Corte a: Delta del Mississippi, años 30. El momento y el lugar nos anticipan las inabarcables plantaciones de algodón, las espaldas negras bajo el sol y el Blues. Los hermanos y veteranos de Guerra, Elijah "Smoke" y Elias "Stack" Moore, ambos roles interpretados por Michael B. Jordan, regresan a su pueblo natal con mucho dinero y el sueño de abrir un bar en el que la gente negra no solo sueñe con ser libre, sino en el que lo sea, al menos por una noche. Es allí cuando Sammie, con su voz y su guitarra, enmarca la que es, quizás, una de las más bellas secuencias de Cine de los últimos tiempos. Al ritmo de “I lied to you”, los congregados a esta noche terminan conectándose con su pasado y con su futuro, con sus raíces y con su libertad. No es sorpresa que esta composición de Raphael Saadiq y  Ludwig Goransson esté nominada a los Oscar como mejor canción original.  

La irrupción del mal viene de la mano de Remmick, el vampiro al que el actor Jack O’Connell da vida. Sin embargo, a diferencia de los relatos de Santos Vega o de Francisco el Hombre, este espíritu no busca batirse en un duelo musical con Sammie, sino atraerlo hacia su propia estirpe. Toma la figura de un irlandes y, en otro espectacular número musical que nos regala esta película, nos invita a escuchar el relato de otro pueblo subyugado. Al amparo de la noche y la música, negros e Irlandeses, ambos hermanados bajo el yugo de quienes se abrogan el derecho de dictar sus destinos, luchan entre sí por lo que para ellos es la Libertad.

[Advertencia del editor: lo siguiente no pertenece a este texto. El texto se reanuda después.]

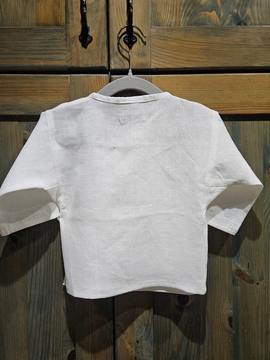 Zēnu lina krekls balts etnogrāfiska piegriezuma ar pārliekamu priekšpusi 62-68 izm
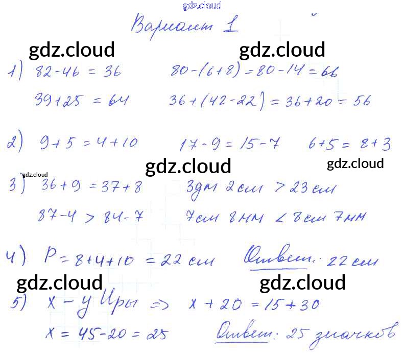 Ответ на задание Вариант 1 Контрольные работы Математика за 1, 2, 3, 4 (первый, второй, третий, четвертый) класс Волкова Школа России 2017

        Destaca, además de la música y del poderoso comentario social, la Dirección de Fotografía a cargo de Autumn Durald Arkapaw, primera mujer en filmar con cámaras IMAX y la cuarta en ser nominada a los premios Oscar en su categoría. Sinners nos brinda escenas filmadas en campos de algodón    inmensos atravesados por caminos de tierra donde hasta los más mínimos detalles mantienen una nitidez que envuelve al espectador.

        Más allá de sus 16 nominaciones a los premios Oscar que se celebrarán el próximo 15 de marzo, Sinners es una película con excelentes cualidades narrativas y técnicas. Una historia original que hace uso de elementos sobrenaturales para hablar de un tema actual que nos atraviesa como pocos y un casting que reúne a actores negros para representar no solamente a personajes que luchan por su vida (como casi siempre suele ocurrir), sino también personajes que desean, que disfrutan, que crean y que resisten.